Active investors feel like they are walking a tight rope without a circus net. The public is a nervous wreck as the virus worry seems to have reach DEFCON 2. Wall Street is now in a fourth week of heightened volatility. After a wrath of central bank stimulus, rising fiscal response hopes, and many wannabe epidemiologists hopes for an April plateau of the virus in the US being dashed, risk aversion appears here to stay. Financial markets were far too optimistic on the economic impact of the virus and with the earnings outlook for the remainder of the year. A US recession seems unavoidable and markets seem poised to remain panicked and that means US stocks may not be near rock bottom.
FX
The king of FX is once again the Japanese yen with the Swiss franc next in line for the throne. Risk aversion is seeing the two favored safe-haven trades remain firmly in place. The dollar has destroyed the interest rate differential and will now see itself become a funding currency. Central bank action will provide some whipsaws, but we will likely see FX remain a virus trade.
Oil
Oil’s worst-case scenario seems to be coming true. The coronavirus is paralyzing economies across the world and no-one has any clue how much worse it will get. The virus spread across Europe and the US is a gamechanger for oil demand prospects. You can basically start pricing a complete collapse in crude demand for much of the world. West Texas Intermediate crude seems set to make a run to the mid-$20s this week, with another crash possibly finding support at the psychological $20 level.

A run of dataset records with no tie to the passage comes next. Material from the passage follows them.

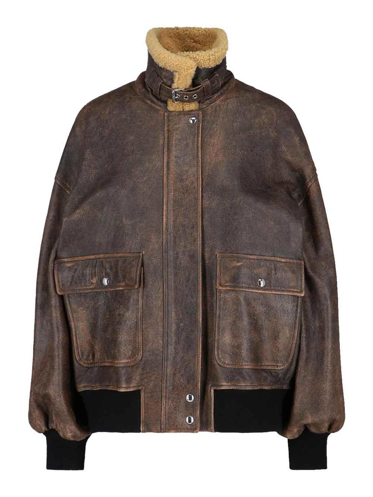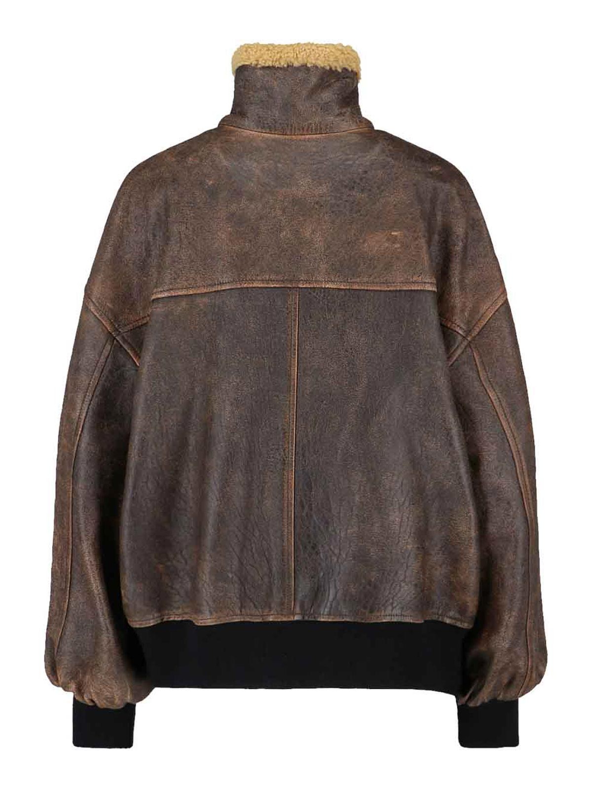 カーテサンドールアビエイタージャケット、ブラウンラムスキン、ウォールドエフェクト、ラムズシアリングトリム、ハイカラー、襟のストラップクロージャー、隠しファスナーとボタンクロージャー、サイドボタンポケット2つ、リブ編みの伸縮性カフス、ストレートヘム。
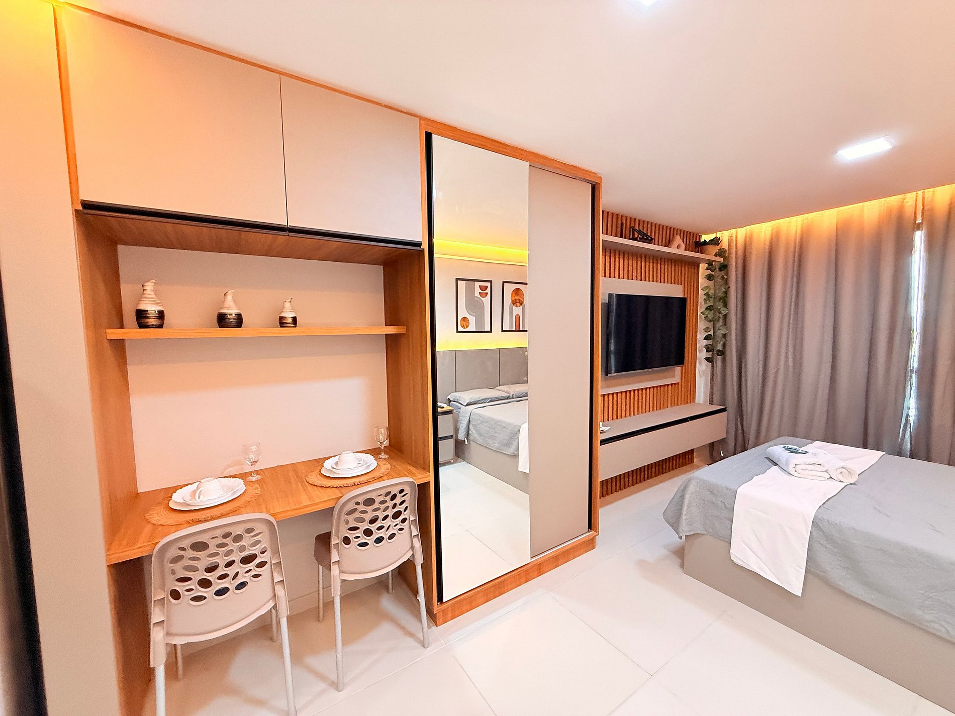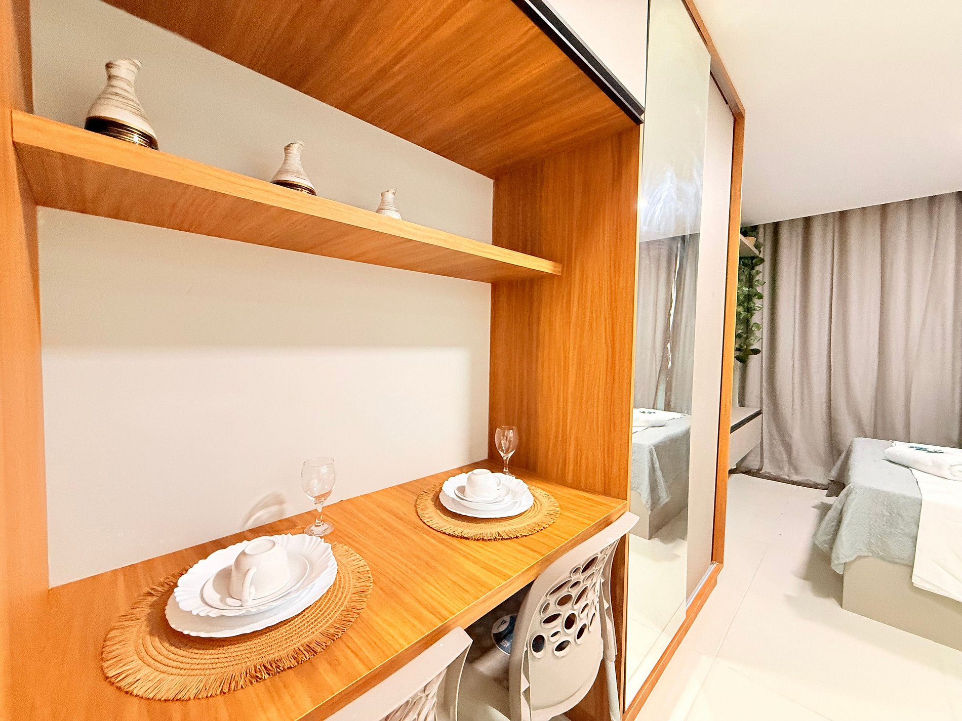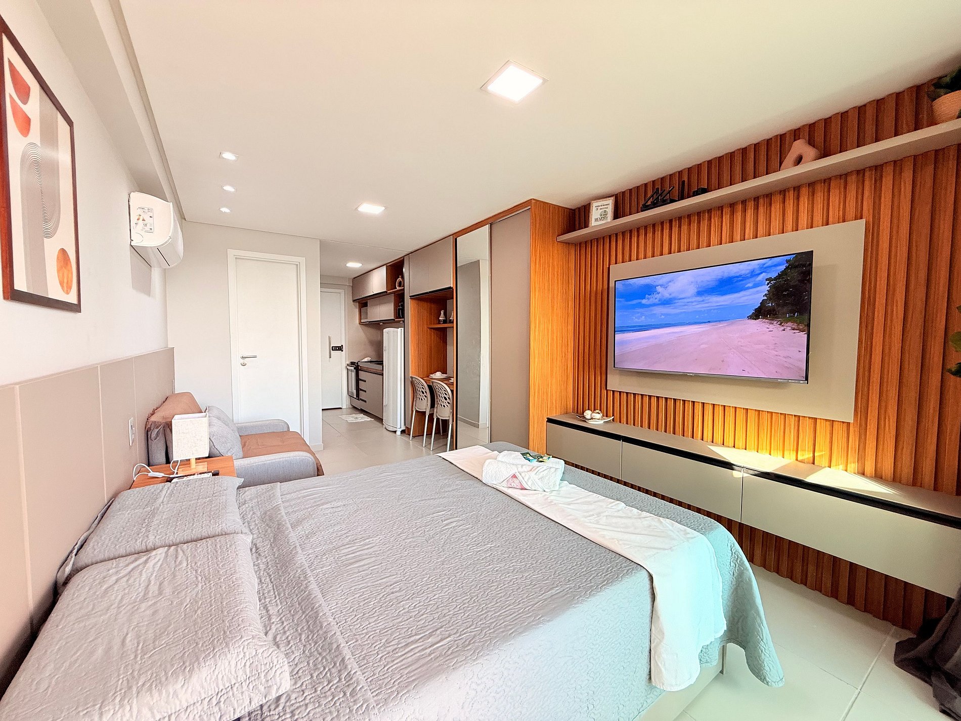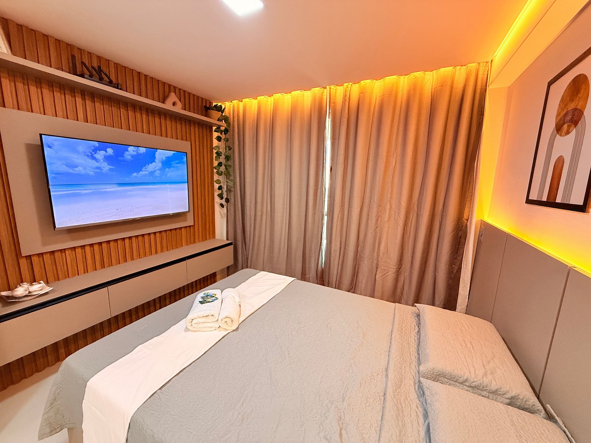 O interior do flat combina conforto e estilo em um ambiente integrado. Conta com uma cama de casal extremamente confortável, uma cama auxiliar e um sofá-cama, além de uma cozinha equipada com eletrodomésticos de alta qualidade, incluindo micro-ondas, geladeira, airfryer, sanduicheira, liquidificador, cafeteira e todos os utensílios (panelas, copos, taças, pratos e talheres) para realizar sua refeição.. O banheiro é moderno e funcional, com chuveiro quente e boa iluminação. O espaço também possui ar-condicionado, Wi-Fi e TV, garantindo comodidade para quem deseja relaxar e desfrutar do ambiente. O Flat também conta com uma varanda com vista para o mar — um convite diário para apreciar o nascer do sol, ouvir o som das ondas e relaxar com a brisa do oceano.
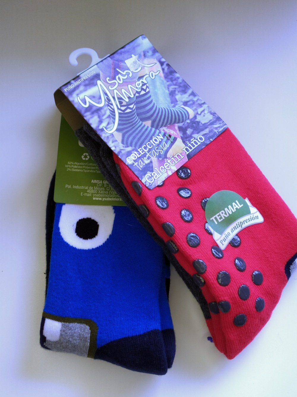 Meias infantis vermelha térmica com pontos pretos e azul com padrão branco e preto da marca Ysas Mara
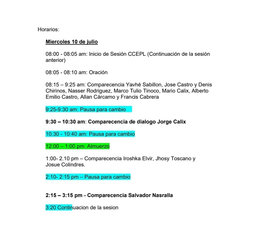 La audiencia de comparecencia iniciará alrededor de las 8:15 de la mañana en la sede del Partido Liberal de Honduras en Tegucigalpa, Francisco Morazán. Primero, analizarán la integración de Cálix y sus integrantes; luego seguirán con Nasralla y sus miembros.

The collapse of OPEC + suggest that over the medium term that the supply side alone could warrant further selling pressure for Brent crude to test $20 level. Today, Brent crude fell below $30 for the first time since 2016 and is likely to see further pressure.
Saudi Aramco’s earnings call suggests oversupply concerns are here to stay. Aramco will take a huge hit on revenue due to this price war and could possibly lose up to $100 billion in revenue. Aramco will likely be forced to cut capital expenditures to reach their 12.3 million bpd production target, which means they will tap their reserves. The Aramco dividend will survive for now, but if Brent crude falls towards the $15 level, that may be the line in the sand for the Saudis. Currently, Aramco’s pre-breakeven before dividend is oil at the $15 level and if prices crash to around there, Saudis may be more willing to see a return of production cut talks with OPEC members, possibly without the Russians.
Gold
Calling a stock market bottom seems impossible right now with the unknown trajectory of the coronavirus spread, but that might not be the case for gold. Following two disastrous weeks, the scramble for cash made gold fall from the $1,700 level to $1,450, a typical reaction during heightened stock market selloffs (such as in 2006, 2008 and 2011). If gold is nearing a bottom, the line in the sand for this rebound trade would be the $1,400 an ounce level. If $1,400 is taken out, all bets are off and the downturn could selloff another 5%.